Friday, August 10, 2012
Isaac's cousin gave him one of the Smithsonian science kits for Christmas. We needed to wait for warmer weather to break it out, and this summer, break it out we did.
This particular one is labeled “Prehistoric Sea Monsters” to make it irresistible to any 7-year-old. “A world of adventure, discovery and wonder,” the box says. “Hatch and grow your own prehistoric pets!” it promises. “Witness a 220 million-year-old species come to life!”
Besides the triop eggs and food naturally, there is also the all-important “poster” of the snarling T-Rex wading into the water that you are meant place on the back of the plastic aquarium facing its sea creature contemporaries.
Apparently it was not enough to be in the middle of year one with an infant, a house renovation, a house sitting gig, a job search, and a few million (220 million?) other things, I also needed to add to my list of responsibilities a tank of prehistoric sea animals.

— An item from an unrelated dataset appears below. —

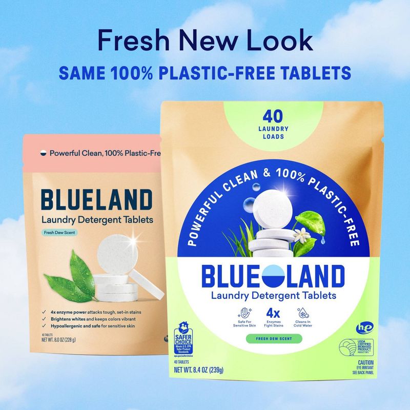 Blueland Fresh Dew HE Deep Cleaning Concentrated Laundry Detergent Tablets 40 Pacs - 8oz
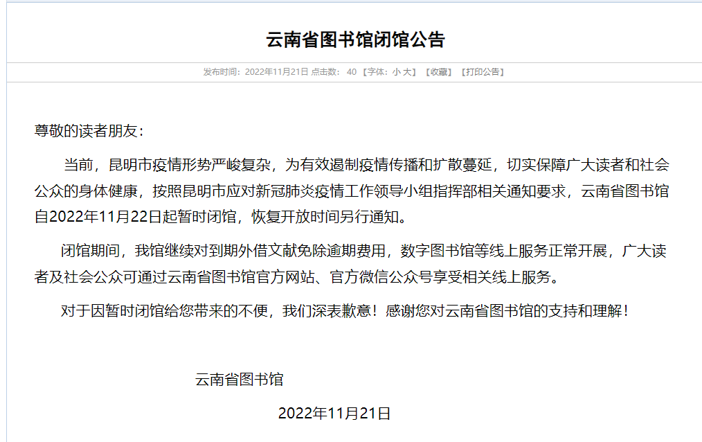 昆明信息港 記者劉欣彤 記者從云南省圖書館了解到,按照昆明市應對新冠肺炎疫情工作領導小組指揮部相關通知要求,云南省圖書館將自2022年11月22日起暫時閉館,恢復開放時間另行通知。

So, we couldn't find the food pellets for a few days. They were there all along, eventually unearthed from under a pile of potholders and expired coupons, but by then it was too late.

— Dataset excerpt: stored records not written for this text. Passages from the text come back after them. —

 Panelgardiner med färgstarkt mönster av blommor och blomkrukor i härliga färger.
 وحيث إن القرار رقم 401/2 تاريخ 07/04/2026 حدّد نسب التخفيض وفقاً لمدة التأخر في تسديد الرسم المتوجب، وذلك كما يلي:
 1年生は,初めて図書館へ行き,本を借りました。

Oh, I crumbled it into the tank like the directions said, but little Tri-Tri didn't budge off the bottom. “He does that a lot,” Isaac said, unconcerned, as he ran for his Legos. “He's probably just trying to sleep,” Mike said, projecting. But I knew. And as the day progressed, I was sadly proven right. Let that be a lesson to any life forms from any era that might come around in a box: The asteroid, no problem. My pantry, sure death.
I shudder to think what might have happened if we'd caved and gotten the bunny.